The initial pick-up in receiverships was first seen in condo projects because owners are more likely to walk away from their debt obligations since many of them bought the units as investments, according to Hoffman. "On the individual units, a lot of the loans are non-recourse so the borrowers can just walk away," he relates. "In the larger developments, even if the debt is full recourse and guaranteed, the borrower may not have anything left to get at anyway, so the value of the property is really all that's left for the lender."

It then trickled down to the single-family sector, as homebuilders with unfinished or unsold developments fail to meet their debt obligations.

Further, the full impact of creative financing structures and the increased use of securitization in mortgages is yet to be felt in the industry, contends Hoffman. If what he's hearing from lenders is any indication, there will be a massive wave of commercial properties entering the receivership arena due to loan defaults. "From a real estate basis, I don't think we're even near the bottom yet," he says. "If I look at our pipeline—and by that I mean all the projects we've been told to get ready for—we still have a long way to go in terms of getting into that inventory. And it's not going to be easy to dispose of, at least without some very serious discounts."

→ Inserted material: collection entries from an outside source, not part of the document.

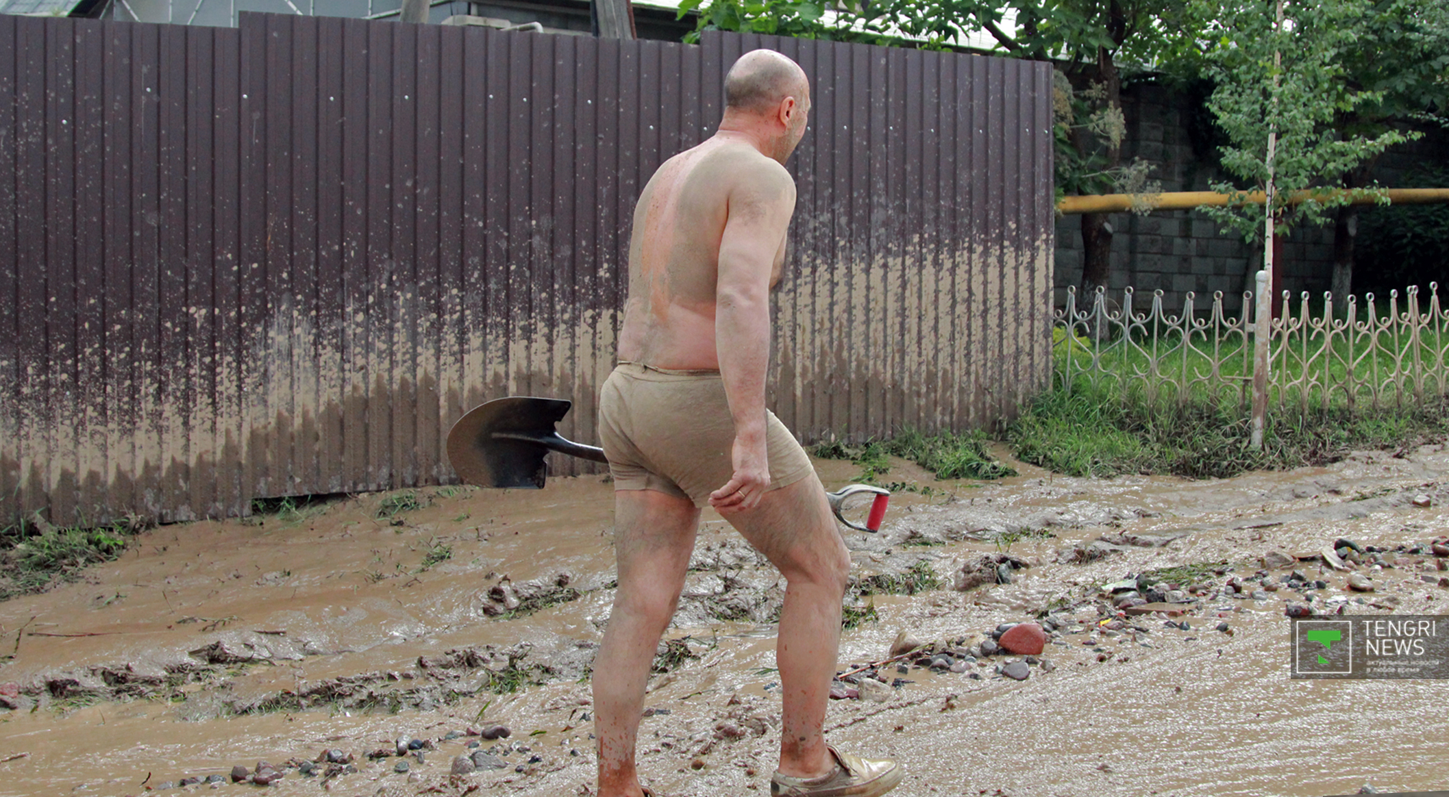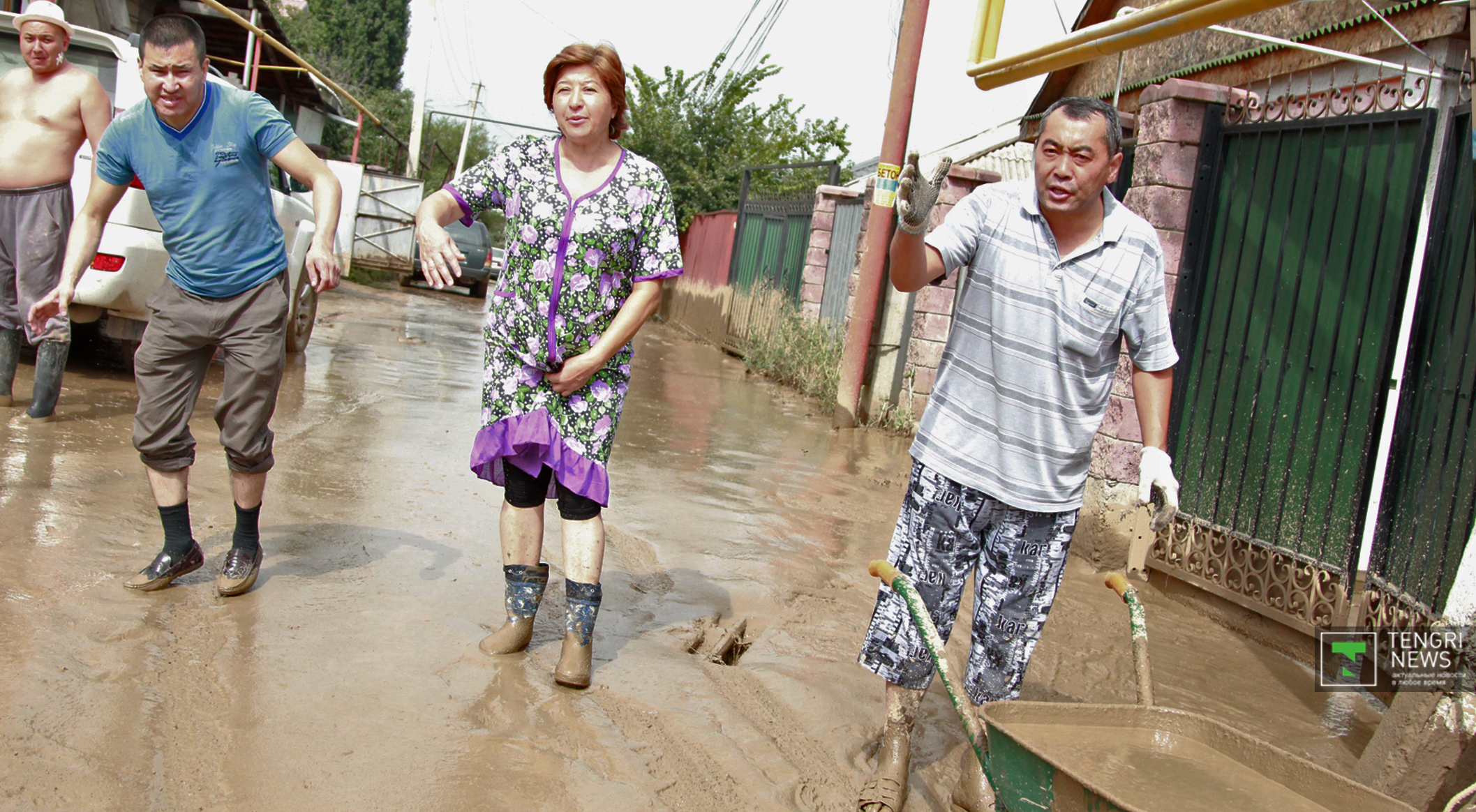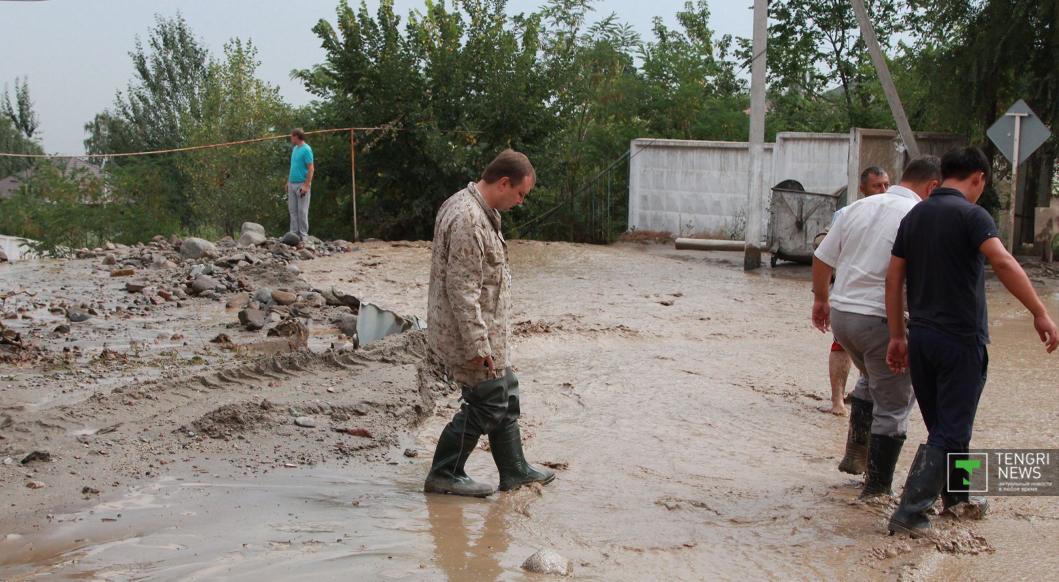 Журналисты Tengrinews.kz подоспели к месту ЧП после рассвета. К тому времени основной поток селя уже спал, и люди начали своими силами восстанавливать порядок. Им помогали подоспевшие на место сотрудники ЧС.
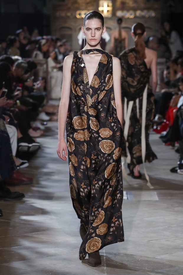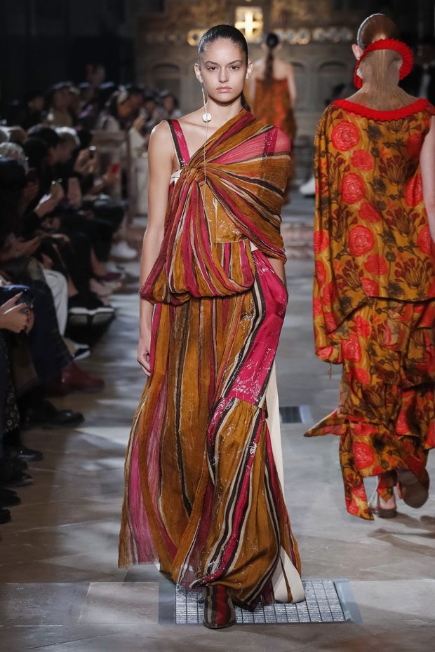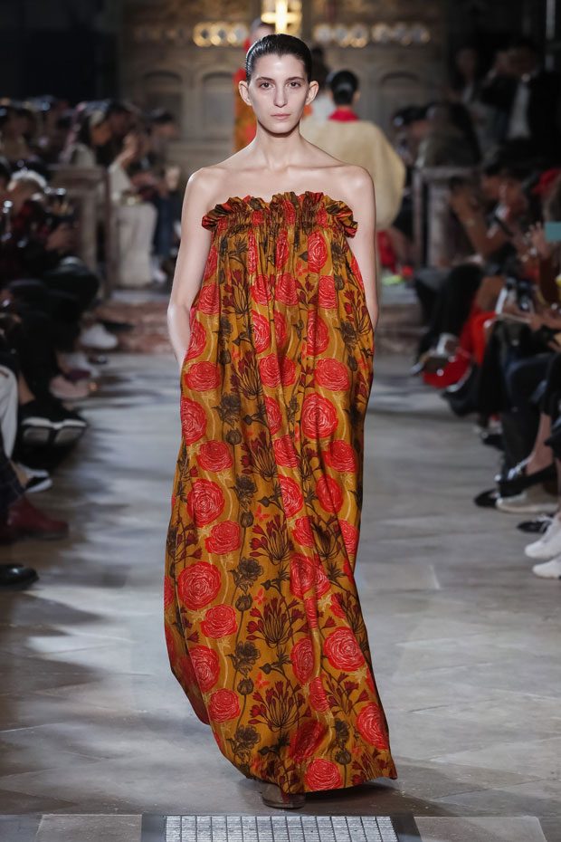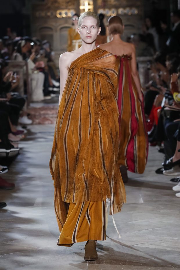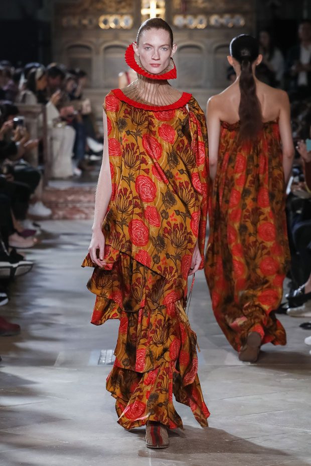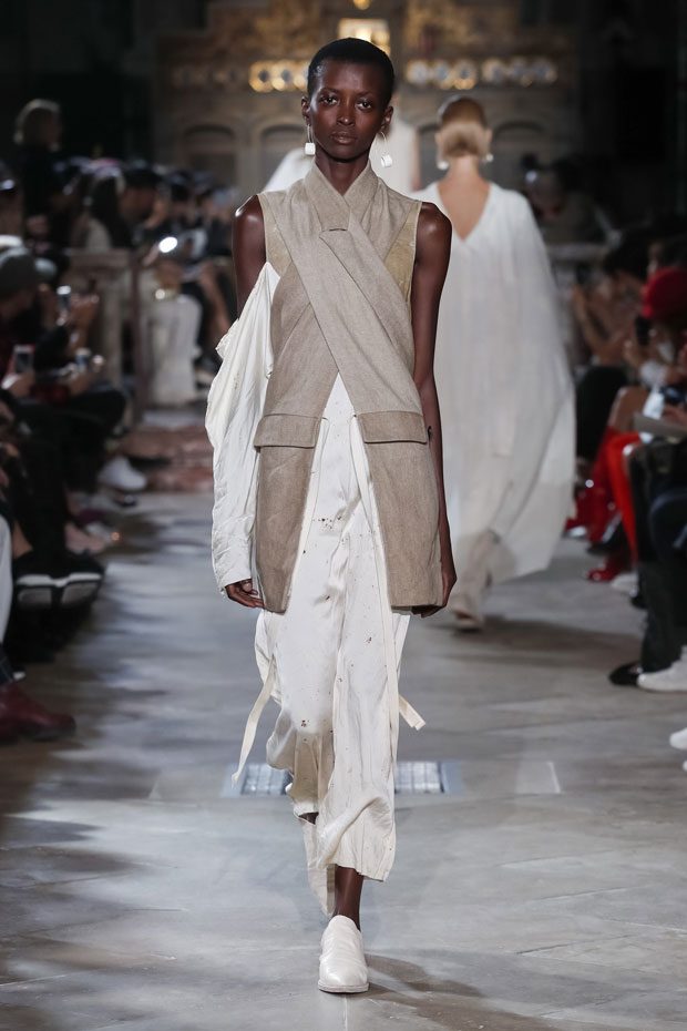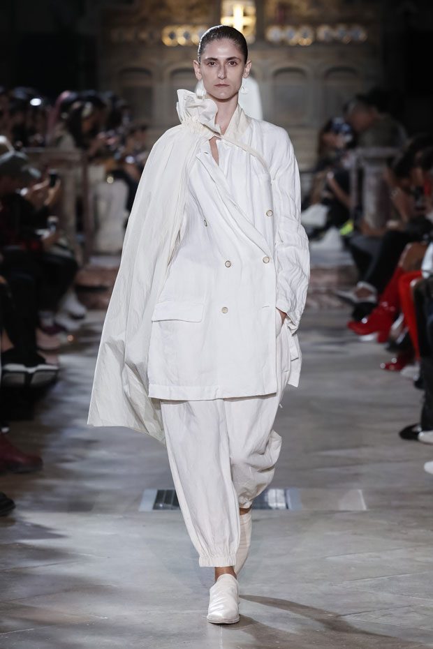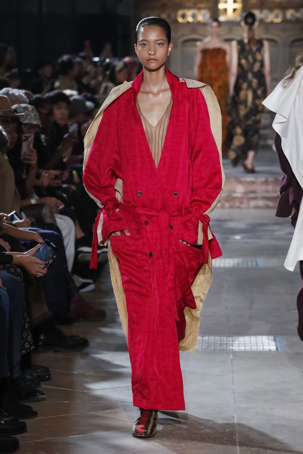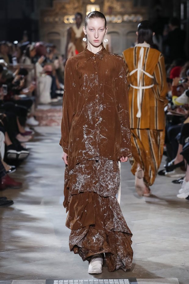 Uma Wang 2019 Spring Summer collection rises from the vision of a story set in an old colonial time to draw a colourful postcard with the moisture of the land and the heat of the air, that are slowly unfolding. A new force is twisted with the local vitality, and some flashback memories from far away are overlapping with a new reality. Under an hot and wet air, some beautiful illusions with a shape of pink flamingos and golden sun are taking life, mixing together the bitterness of coffee beans and the sourness of the berries. The rare shadow of a tree and the ruts left on the road after a short pouring rain give some rest to the dusty skin of faces soaking in sweat. The clothes are taking new shape to depict a restless Summer made of lights and shadows that hide new desires. – from Uma Wang
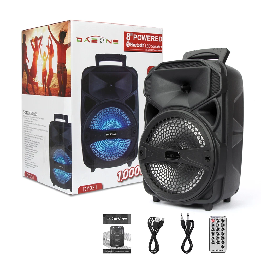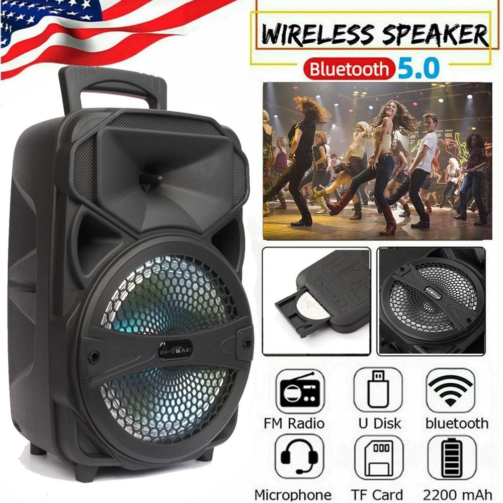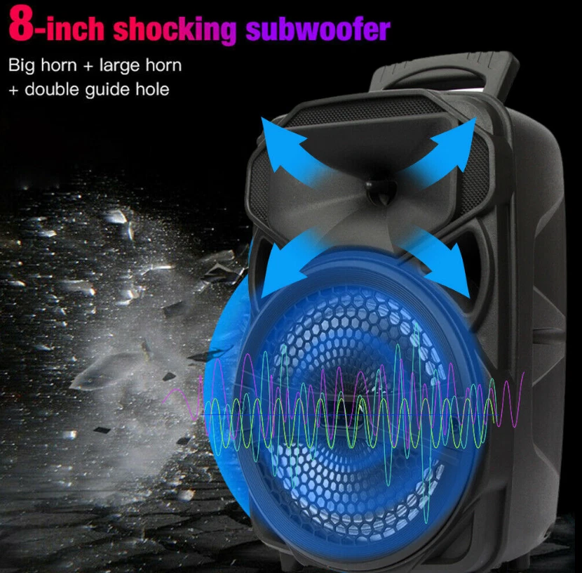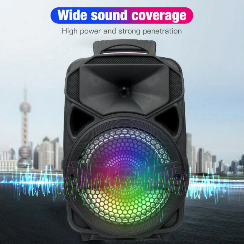 8'' Bluetooth Speaker Wireless 1000W Heavy Bass Sound FM Party Speaker System Features: 1. Highly efficient 8” woofer and 1” tweeter produces deep and low bass while the mids and highs remain loud and clear even when the volume is cranked up. The bass complements your favorite party tunes with deep, natural low vibrations, crank up the volume and have a blast 2. Smooth bluetooth connection allows you to stream your favorite music straight from your smartphone, iPod, tablet or any other suitable BT device within 10M/32 feet. Just move about and keep the music going with no cable and no hassle 3. W hen Bluetooth device isn’t available, you can pop into a flash disk or micro SD card, or connect to your 3.5mm audio device like MP3/MP4/5 player, etc. to play your favorite tunes 4. H eavy-duty top handle and telescopic carrying handle, you’re free to take this speaker anywhere you go 5. Equipped with a remote control, you can control the speaker freely Specifications: Color: black Material: molded PP plastic cabinet Input Voltage: AC 100-240V 50/60Hz DC:5.0V Output Power(RMS): 10W Peak Watt: 1000w Built-in Battery:7.4V 1800mAh 18650 li-ion battery Package includes: 1 × Wireless Party Speaker 1 × Remote Control 1 × Power Adapter 1 × User Manual Payment Shipping Return Feedback Question Payment We accept payment via Paypal ONLY. Immediate payment is required & Shipping will be arranged only your payment is cleared. Shipping Same business day dispatch if paid by 4 pm EST(1 pm PDT). No shipping on weekend or Public Holidays & No responsibility for any customs duty. Return We stand behind our products. Items can be returned for exchange or full refund within 60 days from the date you receive your item. Return shipping is the responsibility of buyer unless the return is a result of our mistake (i.e., your receive the wrong item or damaged item). We will pay for shipping replacement back to you if an exchange is requested. If you want to initiate a return, simply clicks "Return this item" next to the transaction in My eBay, chooses a reason, and prints a return shipping label and packing slip. We’re automatically notified. Feedback Please leave us a FIVE star and POSITIVE feedback if you are satisfied with our product and service. Neutral or negative feedback will not solve problems happily. We believe communication will fix problems and hope every customer can have a good purchasing experience. Question All ebay message will be responded within 1 business day or less, except weekends and holiday!

Once that happens, it will have a snowball effect on the industry, bringing values down across the board, Hoffman notes—but that's not necessarily a bad thing since it will help bring values down to more reasonable levels and help get the liquidity flowing again. "Say you're a borrower and your loan-to-value when you closed the deal was 80%, but now it's really 120%. It's going to cause a massive shakeout," he says. "But like every other down cycle, there are tremendous opportunities. I have no doubt that five years from now, maybe a little longer than that, we'll all be reading stories about real estate geniuses that amassed great fortunes around the country."